In order to determine whether “Wood” was trustworthy, each document that he provided was closely scrutinized by the OSS in London. The files were transmitted to Washington with long commentaries. Paragraph by paragraph, word by word, everything was gone over with a fine-tooth comb and weighed against information derived from other sources. “Paragraph 1 is probable but hard to verify,” “paragraph 2 had been verified, its content is accurate,” “paragraph 3 is correct,” and so on. While the Allies had still not ruled out the possibility of a trap, they nevertheless thought it less and less likely. Nothing in “Wood’s” attitude led them to detect suspect behavior. If this was a game of deception, “it will have been far and away the most elaborate deceptive strategy so far known either to British or American counterespionage services,” wrote Norman Pearson in his November 23, 1943 memorandum.
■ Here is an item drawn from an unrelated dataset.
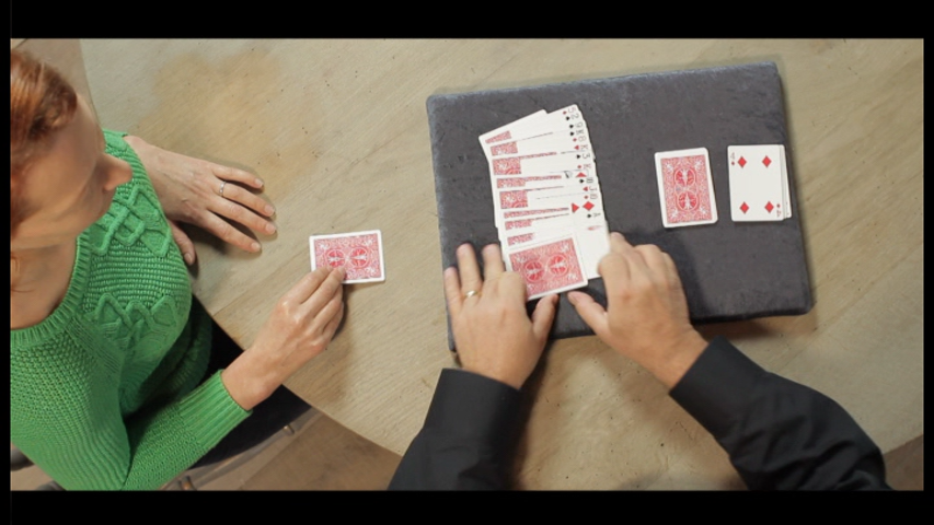 客の好きな時間とその数字に対応するカードがマジシャンの好きな時間を足して客がカットしたデックから配ってパケットを作りそのカードを交互に抜いていき最後に選んだカードが客のカードになる。

“Wood’s” motivations seemed to be purely individual. “On the whole,” Pearson went on, “it seems likely that whether or not Wood is acting as he does from the ideological motives he professes, and despite the fact that he is unwilling to receive any money for his services, he is at the same time not unaware that after the Defeat some special consideration might be accorded to him.” The conclusion was chilling: “The habits of rats on sinking ships are well known.”

9

THE “KAPPA FILES”

Ankara, October 1943

“Gentlemen do not read each other’s mail,” U.S. Secretary of State Henry Stimson had said in 1929. This deep disdain for espionage was very widespread in English and American diplomatic circles. Sir Hugh Knatchbull-Hugessen, British ambassador to Turkey since 1939, and a diplomat of the old school, shared that way of thinking. Intelligence was outside the scope of his work and he did not want to hear it talked about. This indifference was close to negligence—he had an Albanian servant named Elyeza Bazna, of whom he had no thorough investigation made, though the man came to him out of the blue, and the ambassador never suspected that he had hired a dangerous spy in the pay of Germany.